Serotonin induced hepatic steatosis is associated with modulation of autophagy and notch signaling pathway

Besides its neurotransmitter and vasoconstriction functions, serotonin is an important mediator of numerous biological processes in peripheral tissues including cell proliferation, steatosis, and fibrogenesis. Recent reports indicate that serotonin may promote tumor growth in liver cancer, however, the molecular mechanisms remain elusive. n this study, we investigated the role and molecular signaling mechanisms mediated by serotonin in liver cancer cell survival, drug resistance, and steatosis.

Serotonin regulates liver cancer cell steatosis, cells survival, and may promote liver carcinogenesis by activation of Notch signaling and autophagy.

Effect of serotonin on modulation of cell survival/proliferation was determined by MTT/WST1 assay. Effect of serotonin on the regulation of autophagy biomarkers and lipid/fatty acid proteins expression, AKT/mTOR and Notch signaling was evaluated by immunoblotting. The role of serotonin in normal human hepatocytes and liver cancer cell steatosis was analyzed by Oil Red O staining. The mRNA expression levels of lipid/fatty acid proteins and serotonin receptors were validated by qRT-PCR. The important roles of autophagy, Notch signaling, serotonin receptors and serotonin re-uptake proteins on serotonin-mediated cell steatosis were investigated by using selective inhibitors or antagonists. The association of peripheral serotonin, autophagy, and hepatic steatosis was also investigated using chronic EtOH fed mouse model.

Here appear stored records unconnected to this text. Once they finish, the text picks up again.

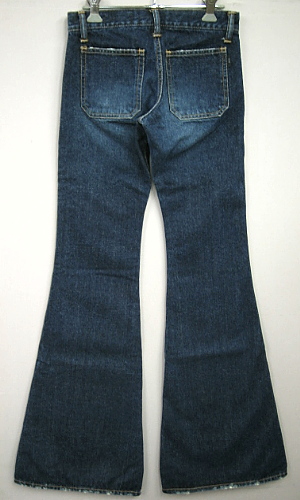 「穿く」事と「洗濯」を繰り返しする事によって 「色落ち」や「生地が体に馴染む」感覚を楽しめると思います。 硬くて穿き難い場合は、初めに軽く水通しすると少し穿きやすくなります。 なるべく色を落としたくない場合は「裏返してネットに入れて洗う」 「洗剤を使わないで洗う」「洗濯時間を短かくする」などといった方法があります。 色を落とさないためにジーンズを洗わないというのも一つの手です。 しかしそれは色落ちはしませんが、逆に生地が痛みやすくなります。 ただでさえベルボトムはピッタリと穿くので、通常より生地に負荷がかかります。 その上に汗や油分などの汚れを含めば今度は生地の強度がガクンと落ちます。 ですからジーンズを扱うプロとしては、「洗わない」のはオススメ出来ません。 強度が落ちたところへ強い負荷がかかれば破れたり裂けたりしても不思議はないからです。 洗いすぎるのも痛む原因ですが、明らかに汚れたり、生地に張りがなくなってきたら 洗ってあげるくらいが丁度良いのではないかと思います。 ノンカットでのレングスは約95cmと、かなり長めなっています。 洗濯による縮みや穿きジワなどを考慮し、長めにカットすることをお勧めいたします。 ベルボトム愛用者には大変気になるスソ幅も BISONのビッグベルやBIGJOHNのスーパーベルとまではいきませんが 他メーカーのレギュラーベルボトムより広めに作りましたので カットしても十分広がりは残ります。 |
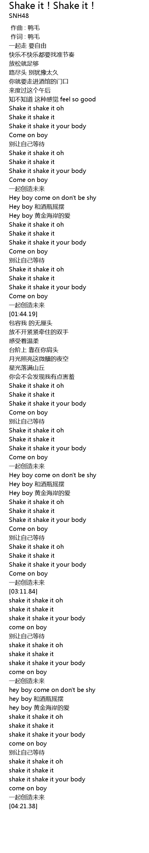 | [03:45.01] | shake it shake it your body |
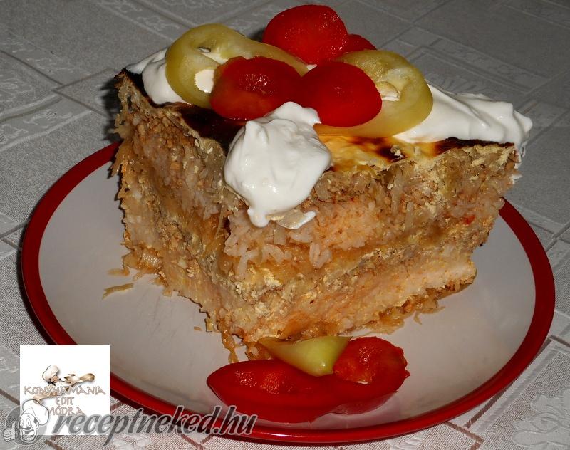 Egy hőálló tálat kenjünk ki étolajjal és szórjuk meg zsemlemorzsával. A káposzta 1/3 részét helyezzük a tál aljára. Locsoljuk meg a tejfölös keverék 1/3-ával. Helyezzük rá a főtt rizst felét, majd a darált húsos szaftos pörköltnek szintén a felét. Fedjük be újabb 1/3 rész káposztával, locsoljunk rá tejfölös keveréket, majd osszuk el rajta a maradék rizst és a maradék pörköltet. Fedjük be a maradék káposztával, majd locsoljuk meg a megmaradt tejföllel a tetejét.
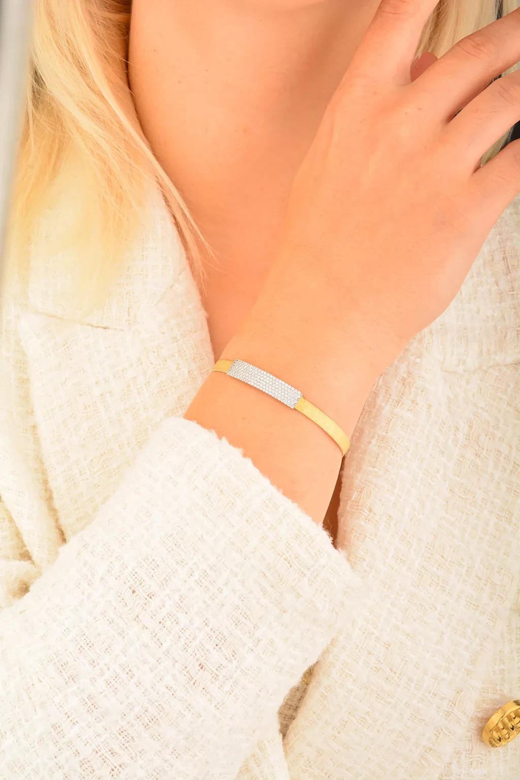 Cebeci 14 Ayar Taşlı Kelepçeli Altın Bilezik
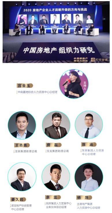 在中南置地綜合人力資源中心總經(jīng)理宮金玉主持下,亞新集團(tuán)助理總裁王志勇、寶龍集團(tuán)助理總裁房磊、東原集團(tuán)人力資源中心總經(jīng)理陳涵、港龍地產(chǎn)綜合管理中心總經(jīng)理姜久君、旭輝集團(tuán)人力發(fā)展中心業(yè)務(wù)伙伴部總經(jīng)理余雷、大唐地產(chǎn)集團(tuán)人力資源中心總經(jīng)理?xiàng)钇家浴?020 房地產(chǎn)企業(yè)人才戰(zhàn)略升級(jí)的方向與挑戰(zhàn)”為議題進(jìn)行了第二場(chǎng)圓桌論壇。
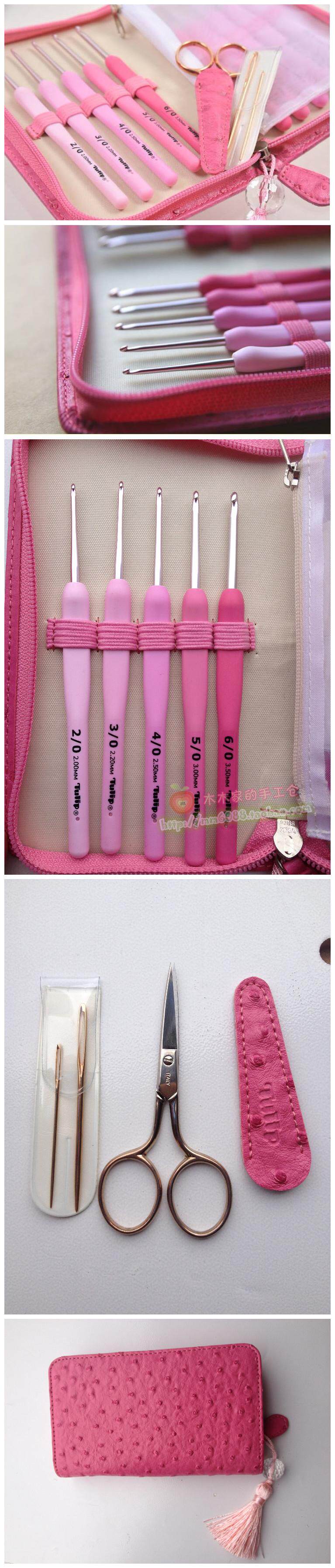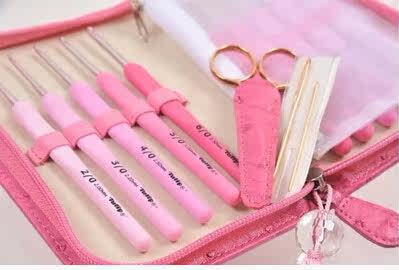 В комплект входят 10 розовых крючков/1 пара ножниц/1 набор ножниц в тон/2 спицы.
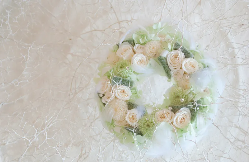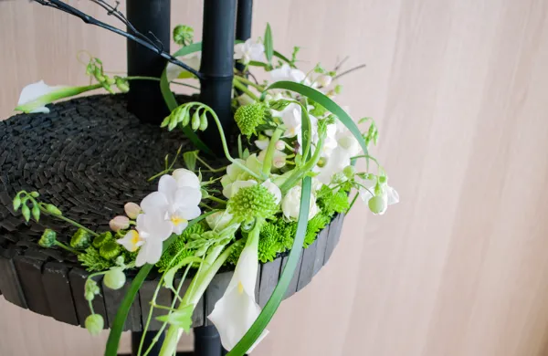 作品制作の際は、植物の持つ生命力を大切に、 花それぞれの個性を際立たせながら、自然の風景を切り取ったような 成長感のあるものに仕上げることを重視しています。 絵画や自然の景色、建築物などからイメージを膨らませることもありますが、 最も刺激になるのは、人との会話。 コミュニケーションは無限の可能性を秘めていますね。 また、結婚や誕生日・記念日、退職、葬儀など、人生の節目に使われる ことの多い花に携わる以上、花によってお客様が嫌な思い出を残さないように することも、自分なりのこだわりとして胸に刻んでいます。 これからは生花だけでなく、 プリザーブドを使った造形的な作品にもトライしてみたいと思っています。
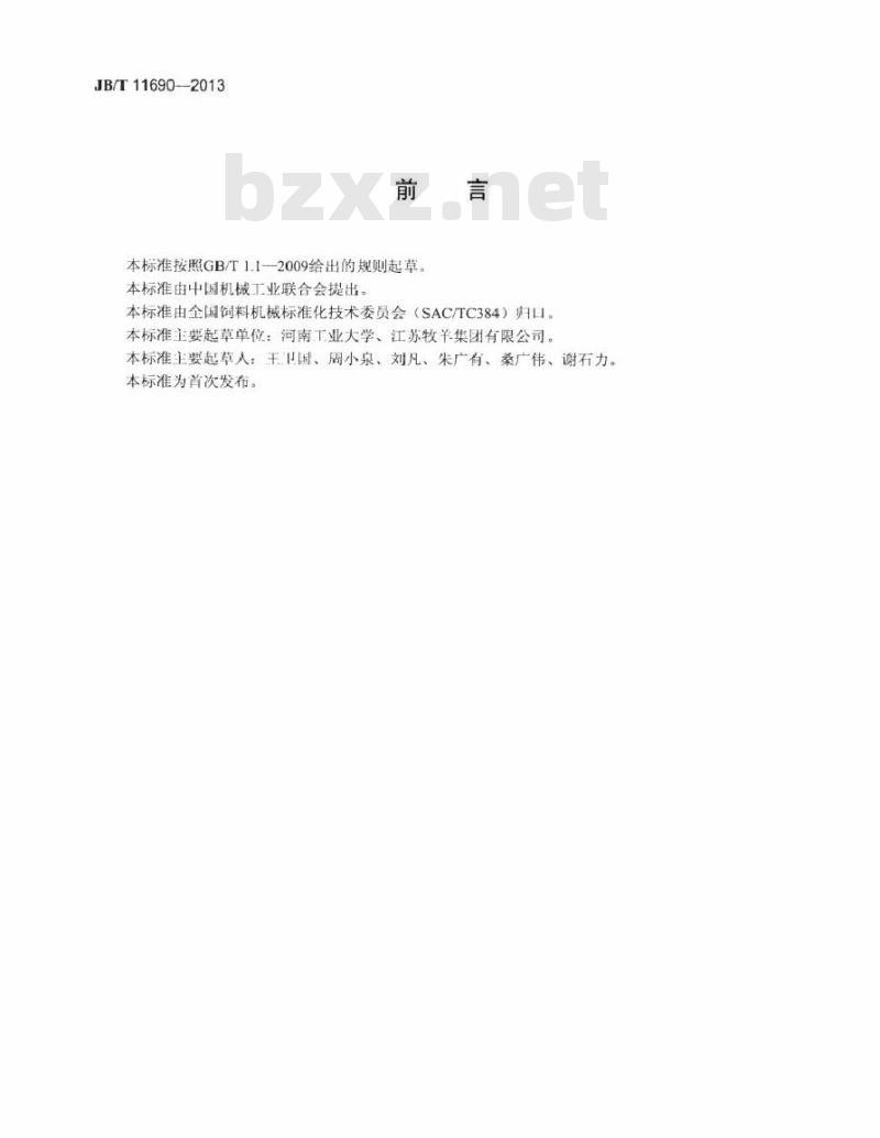 本标准按照GB/T1.1—2009给出的规则起草本标准由中国机械工业联合会提出。本标准由全国饲料机械标准化技术委员会(SAC/TC384)归山。本标准主要起草单位:河南工业大学、江苏牧羊集团有限公司。本标准主要起草人:王卫国、周小泉、刘凡、朱广有、桑广伟、谢石力。本标准为首次发布。

Exposure of liver cancer cells to serotonin induced Notch signaling and autophagy, independent of AKT/mTOR pathway. Also, serotonin enhanced cancer cell proliferation/survival and drug resistance. Furthermore, serotonin treatment up-regulated the expression of lipogenic proteins and increased steatosis in liver cancer cells. Inhibition of autophagy or Notch signaling reduced serotonin-mediated cell steatosis. Treatment with serotonin receptor antagonists 5-HTr1B and 5-HTr2B reduced serotonin-mediated cell steatosis; in contrast, treatment with selective serotonin reuptake inhibitors (SSRIs) increased steatosis. In addition, mice fed with chronic EtOH resulted in increased serum serotonin levels which were associated with the induction of hepatic steatosis and autophagy. Conclusions: Serotonin regulates liver cancer cell steatosis, cells survival, and may promote liver carcinogenesis by activation of Notch signaling and autophagy.